Question

Future value.   Jack and Jill are saving for a rainy day and decide to put ​$45 away in their local bank every year for the next 25 years. The local​ Up-the-Hill Bank will pay them 5 ​% on their account. a.  If Jack and Jill put the money in the account faithfully at the end of every​ year, how much will they have in it at the end of 25 ​years? b. ​ Unfortunately, Jack had an accident in which he sustained head injuries after only 10 years of savings. The medical bill has come to ​$500 . Is there enough in the​ rainy-day fund to cover​ it? a. If Jack and Jill put the money in the account faithfully at the end of every​ year, how much will they have in it at the end of 25 ​years? ​$nothing ​(Round to the nearest​ cent.)

Answer 1

Part A:

FV of Annuity :
Annuity is series of cash flows that are deposited at regular intervals for specific period of time.

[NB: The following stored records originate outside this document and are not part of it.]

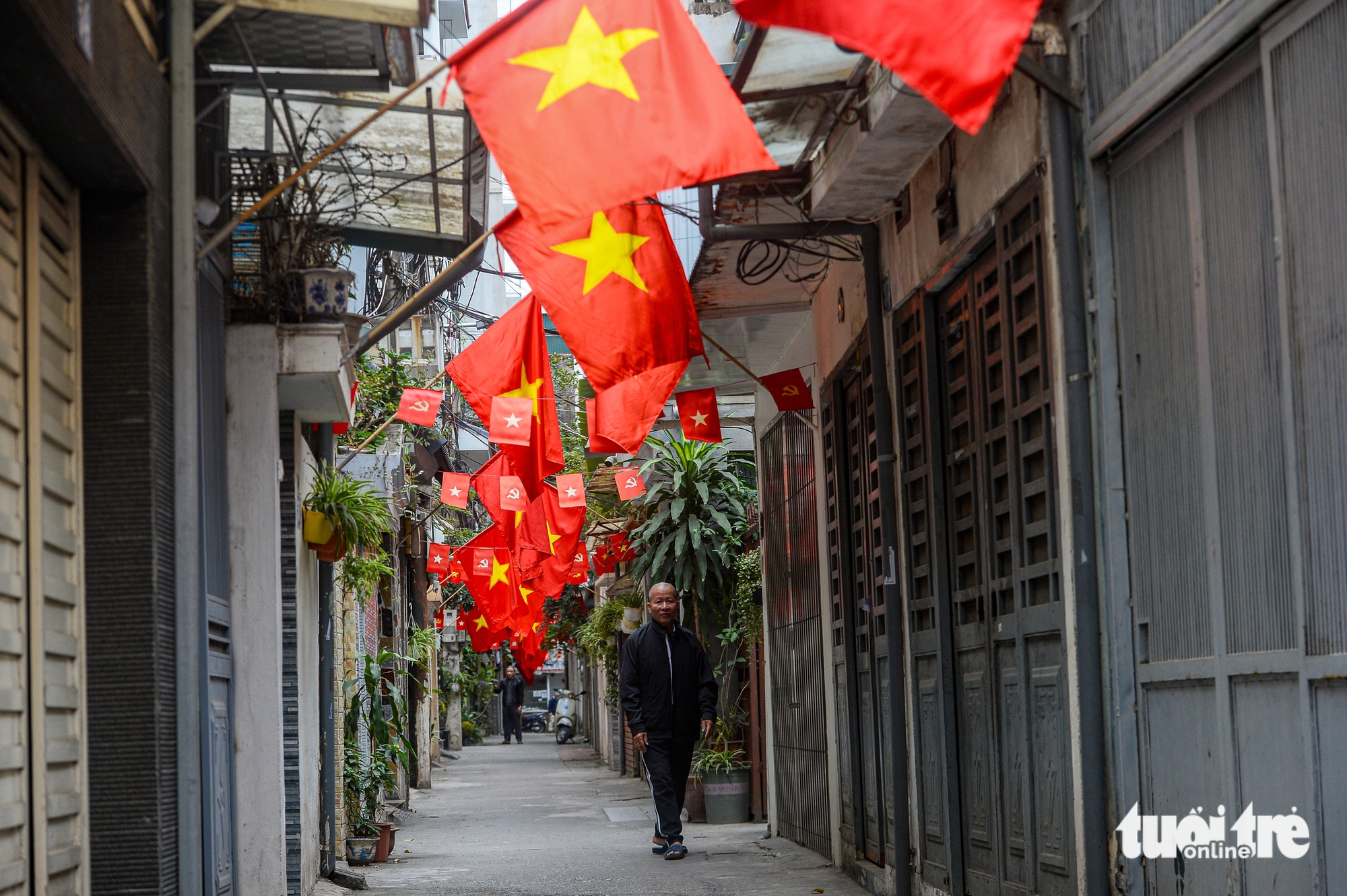 Trong ngõ nhỏ ở phường Giảng Võ, cờ Tổ quốc và cờ Đảng được treo dọc lối đi - Ảnh: PHÚC TÀI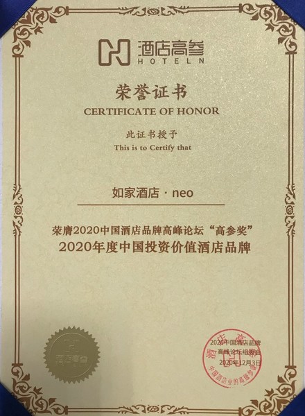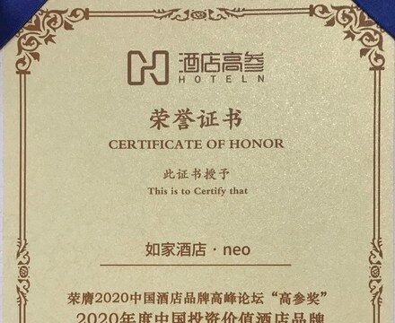在由酒店高参主办的 “2020 中国酒店品牌高峰论坛暨第五届高参奖颁奖典礼”上,如家酒店•neo获得这一奖项。高参奖是酒店高参联合第三方权威数据机构,通过大众评委与专业评委两种方式,为行业与消费者提供有价值的榜单,表彰对行业有影响力的酒店品牌。峰会以“重生·振兴”为主题,探讨新形势下中国酒店行业发展的新趋势。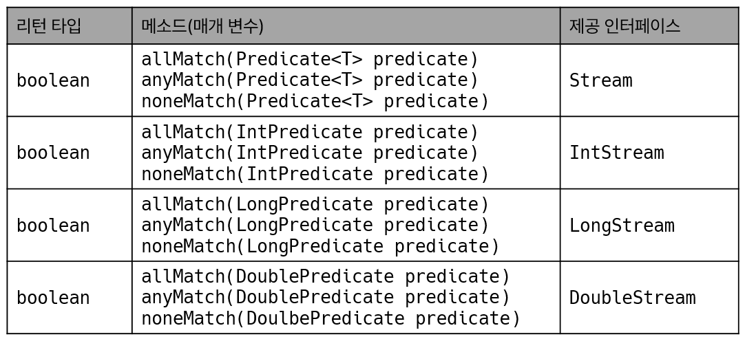 - 중간 스트림이 생성될 때 요소들이 바로 중간 처리 필터링, 매핑, 정렬이 되는 것이 아니라 최종 처리 시작되기 전까지 중간 처리는 지연 lazy 되었다가 최종 처리가 시작하면 컬렉션 요소가 하나씩 중간 스트림에서 처리되고 최종 처리까지 오게 됨

FV of Annuity = CF [ (1+r)^n - 1 ] / r
r - Int rate per period
n - No. of periods

Amount in Account after 25 years:

Particulars	Amount
Cash Flow	$           45.00
Int Rate	5.000%
Periods	25

FV of Annuity = Cash Flow * [ [ ( 1 + r ) ^ n ] - 1 ] /r
= $ 45 * [ [ ( 1 + 0.05 ) ^ 25 ] - 1 ] / 0.05
= $ 45 * [ [ ( 1.05 ) ^ 25 ] - 1 ] / 0.05
= $ 45 * [ [3.3864] - 1 ] / 0.05
= $ 45 * [2.3864] /0.05
= $ 2147.72

Part B:

Amount in Account after 10 years:

Particulars	Amount
Cash Flow	$           45.00
Int Rate	5.000%
Periods	10

FV of Annuity = Cash Flow * [ [ ( 1 + r ) ^ n ] - 1 ] /r
= $ 45 * [ [ ( 1 + 0.05 ) ^ 10 ] - 1 ] / 0.05
= $ 45 * [ [ ( 1.05 ) ^ 10 ] - 1 ] / 0.05
= $ 45 * [ [1.6289] - 1 ] / 0.05
= $ 45 * [0.6289] /0.05
= $ 566.01

As amount in account > $ 500, It will be able to meet medical exp of $ 500.